# SDI over Cat6



## hoosierman (Feb 19, 2019)

Has anyone repurposed Cat6 into an SDI run? Current Cat6 lines are 275'. Sorry...that should have read Cat6a.


----------



## coldnorth57 (Feb 19, 2019)

Yes you can send SDI over Cat6 but you require units to covert to and from.. Google it


----------



## ruinexplorer (Feb 20, 2019)

Yes, you will require a transmitter and receiver to convert the signal to be used on the Cat cable. Also, you will want to make sure that your cable run does not go through any network switches and is completely a dry-line.


----------



## hoosierman (Feb 20, 2019)

ruinexplorer said:


> Yes, you will require a transmitter and receiver to convert the signal to be used on the Cat cable. Also, you will want to make sure that your cable run does not go through any network switches and is completely a dry-line.



Thanks for your post. Any recommendations on product?


----------



## hoosierman (Feb 20, 2019)

coldnorth57 said:


> Yes you can send SDI over Cat6 but you require units to covert to and from.. Google it



Any recommendations on product?


----------



## Ancient Engineer (Feb 20, 2019)

AJA makes some good boxes for this kind of thing. Black Magic Design may have one as well.

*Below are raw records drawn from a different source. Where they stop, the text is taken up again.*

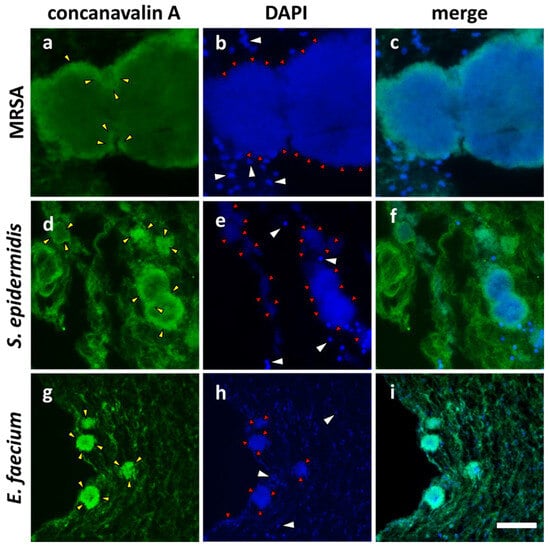 Immunohistochemical staining of the hpBIOM glycocalyx. Carbohydrates were detected using FITC-conjugated Concanavalin A (yellow arrows). Bacterial (red arrows) and cellular nucleic acids (white arrows) were stained with DAPI (blue). MRSA-hpBIOM (48 h) (a–c), S. epidermidis (48 h) hpBIOM (d–f) and E. faecium biofilm (24 h) (g–i). (Scale bar: 50 µm).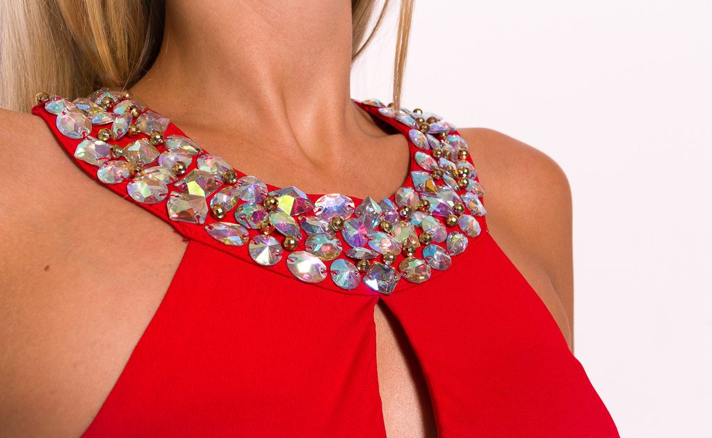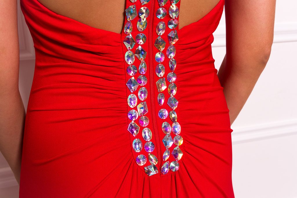 Společenské dlouhé šaty s kamínky v červené barvě. Velmi luxusní šaty jsou tvořeny kolem krku. Kolem krku a společně i záda se zipem zdobí velké kamínky. Tím šaty vypadají velmi exkluzivně a luxusně. Na prsou mají šaty vycpávky. Dekolt je zdoben malým výkrojem. Šaty mají úzký střih, skvěle sedí na těle, což zvýrazní Vaše křivky. Vhodné na plesy či společenské události.
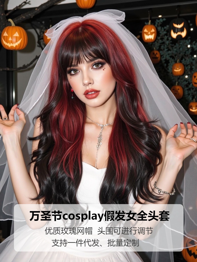 Perucas transfronterizas de comercio exterior para mujeres cubierta de cabeza de Navidad Halloween trajes de cosplay ondas gigantescas pelucas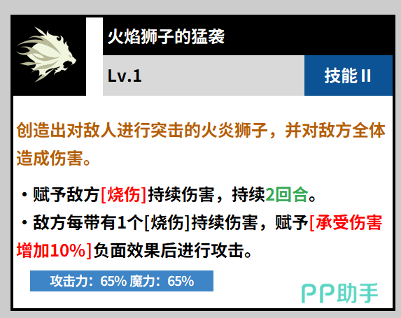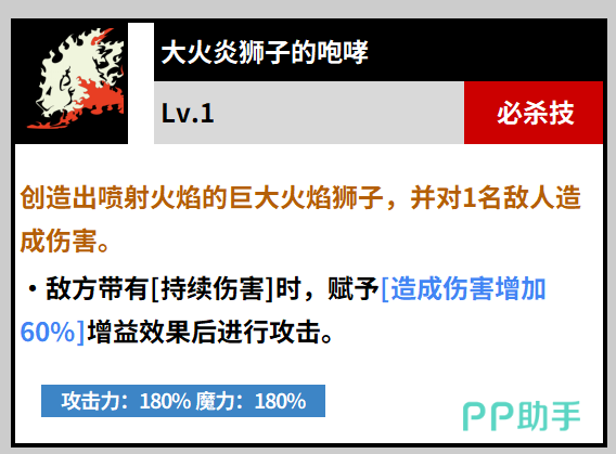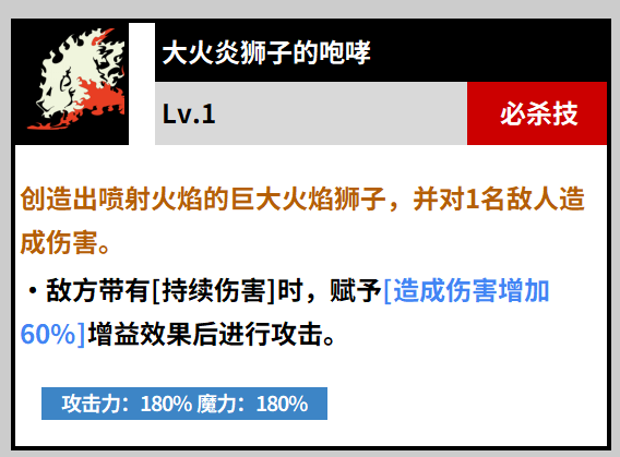 必杀技名为“大火焰狮子的咆哮”,可视作二技能的强化版本,具备更广的打击范围与更高的基础伤害。当敌方单位携带持续伤害类DEBUFF时,此技能可额外提升60%的伤害输出。配合团队中的烧伤叠加机制,能够在群体战斗中打出爆发性的总伤表现。
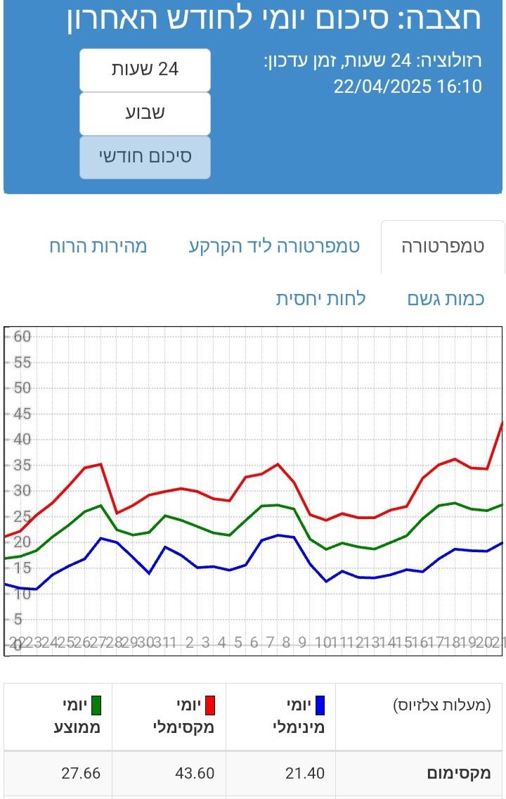 דיווחי מזג אוויר - יום שלישי 22/04/2025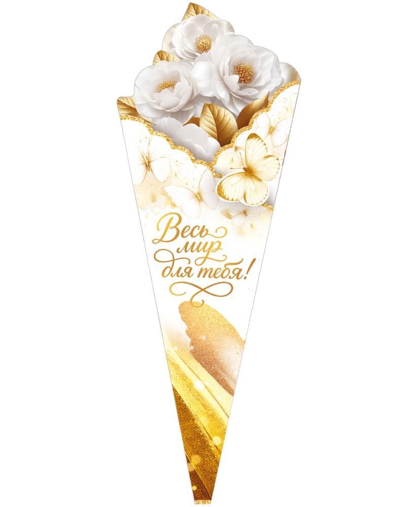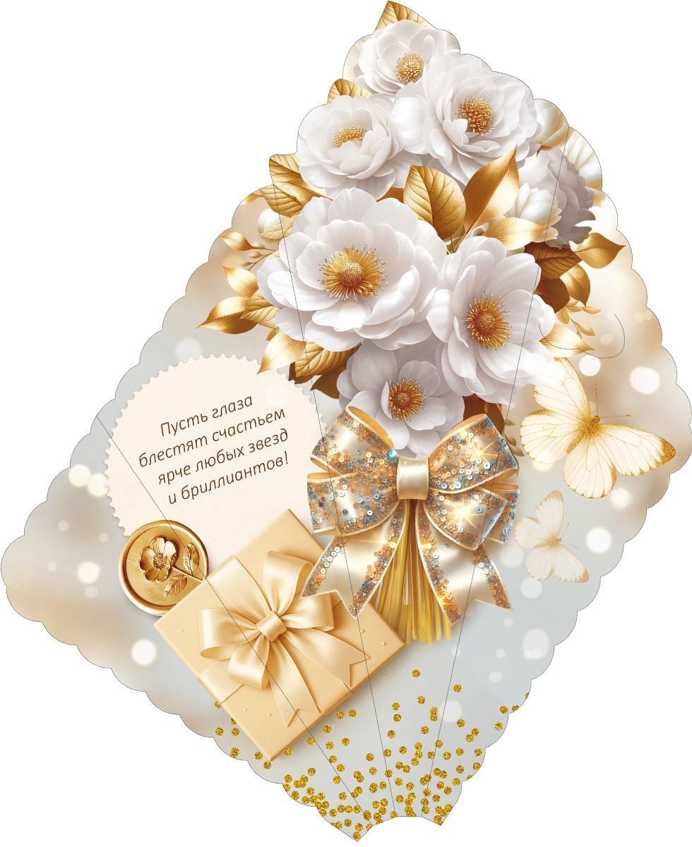 Открытка формата А4 с фигурной вырубкой выполнена из плотного картона, что обеспечивает стабильную геометрию изделия при транспортировке и выкладке в торговом зале. Готовое изделие имеет вытянутую конусообразную форму длиной 325 мм и шириной 115 мм, рассчитано на использование как самостоятельная поздравительная открытка и как декоративное дополнение к подарку или цветочной композиции. Лицевая сторона оформлена изображением белых цветов и бабочек в золотисто-белой гамме с надписью «Весь мир для тебя!», что делает открытку универсальной для поздравлений с днем рождения, юбилеем, личными и календарными праздниками. Отделка выполнена блестками в лаке радужными, создающими мерцающий эффект при искусственном и дневном освещении; покрытие фиксировано на поверхности и при соблюдении стандартных условий хранения не осыпается, что важно для оптовых поставок и длительного оборота товара. Плотность и структура картона позволяют открытке сохранять форму при размещении в напольных и настольных дисплеях, в стеллажах и кассовых зонах, а также при пересылке в почтовых отправлениях соответствующего формата. Внутри предусмотрен печатный текст поздравительного характера, что сокращает время обслуживания розничного покупателя и упрощает выбор готового решения без необходимости самостоятельного написания развернутого поздравления. Открытка удобна для хранения и учета на складе: плоская форма и однородный материал позволяют формировать ровные стопы, минимизируя риск деформации краев. В упаковке 10 изделий, что оптимально для розничных сетей, сувенирных и цветочных магазинов, а также для корпоративных закупок, когда требуется единый стиль поздравления для группы получателей. Такое исполнение подходит для использования в ассортименте премиального и стандартного ценового сегмента, легко комбинируется с подарочными пакетами и лентами в золотисто-белой гамме и обеспечивает стабильное визуальное качество на витрине.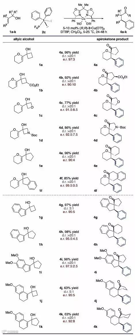 在最佳条件下,作者对底物的普适性进行了考察。首先他们固定2c,考察烯丙醇部分。对于单环烯丙醇类底物,不管是四元还是五元环状醇,环状醇内的杂原子是氮还是氧,都能以优秀的产率(77-96%)、优秀的对映选择性(90/10-99.5/0.5)和非对映选择性(>20/1)得到产物4a-4f。作者随后考察环状苯并环戊烯或环己烯类环状醇的反应结果,从图3可以看出,苯环取代基和环的大小对产物的非对映选择性影响较大,对对映选择性影响较小(图3)。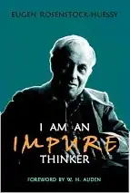 I Am an Impure Thinker is a book by Eugen Rosenstock-Huessy (1888–1973), German social philosopher and is an English-language introduction to Rosenstock-Huessy's German-language book, Soziologie. It is a collection of essays, which represents an accessible introduction to Rosenstock-Huessy's thought. The "impure thinker" title reflects the author's escape from the bounds set by academic tradition, his belief that thought must be accompanied by passionate convictions and engagement, and that sterile intellect is a disease. While apparently unrelated, the essays nevertheless have an underlying unity, which runs through his discussion of the concepts of William James, the Gospels, the Egyptian symbol of Ka, and other uncommon sources. Together the essays contribute to the discovery of a post-theological language. They answer Dietrich Bonhoeffer's question: "How can we speak of God to modern man who 'has come of age?'"[1] It has been recognized as a summary of Rosenstock-Huessy's insights into Western culture by such thinkers as W. H. Auden, Dietrich Bonhoeffer, Martin E. Marty, and Harold J. Berman.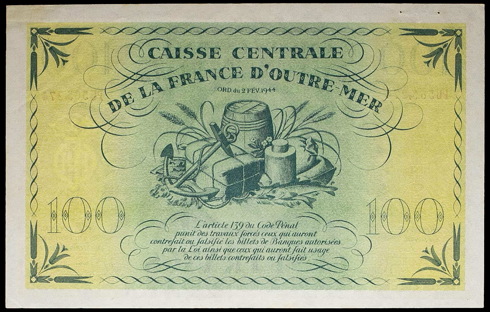 - 100 francs type “Marianne” dit “Edmond Dulac” - Caisse centrale de la France d’outre-mer 2 février 1944.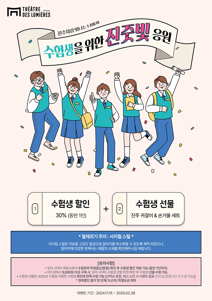 이벤트 기간 : 2024년 11월 15일 - 2025년 2월 28일 유의 사항 ✅ 빛의 시어터 매표소에서 2025학년도 수험표와 학생증(본인 신분증) 확인 후 수험생 할인 적용 가능(동반 1인까지 할인 적용) ✅ 아트샵에서 5,000원 이상 구매 시, 빛의 시어터 수험생 관람 티켓 확인 후 수험생 선물 수령 가능 ✅ 수험생 선물은 2025학년도 수험표 지참한 수험생 본인에 한하여 수령 가능(선착순 증정, 재고 소진 시 이벤트 종료, 아트샵 운영시간 내 수령 가능) ✅ *알레르기 주의 - 서지컬 스틸* : 서지컬 스틸은 의료용 고강도 합금으로 알러지를 최소화할 수 있도록 제작 되었으나, 알러지에 민감한 분께서는 제품의 소재를 다시 한번 확인해 주시기 바랍니다. ✅ 중복할인 불가 및 단체, 특별요금, 도슨트 제외  |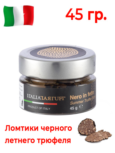Трюфель натуральный Italia Tartufi черный летний, нарезаный ломтиками (слайсы). В рассоле 45 гр. Продукт из Италии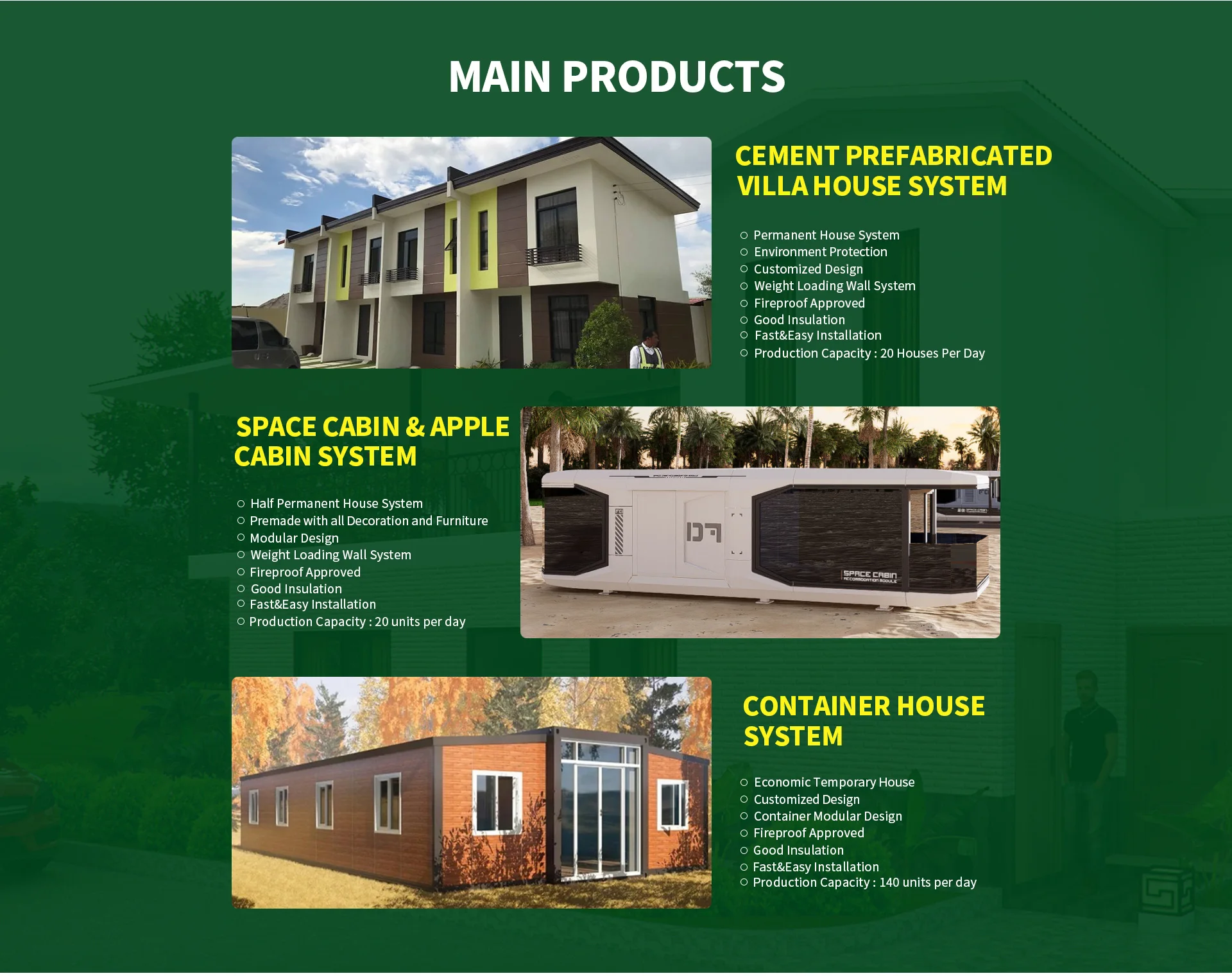 Principais produtos:Casas de painel sanduíche, casas de contêineres, cabines de maçã, casas pré-fabricadas de cimento, cápsulas espaciais

You can send native SDI over coax that far and not need boxes at all...

https://info.belden.com/hubfs/resou...tal-video-distance-chart-product-bulletin.pdf

But I get it if the NIC is already in place...


----------



## hoosierman (Feb 20, 2019)

Ancient Engineer said:


> AJA makes some good boxes for this kind of thing. Black Magic Design may have one as well.
> 
> You can send native SDI over coax that far and not need boxes at all...
> 
> ...


Thanks!


----------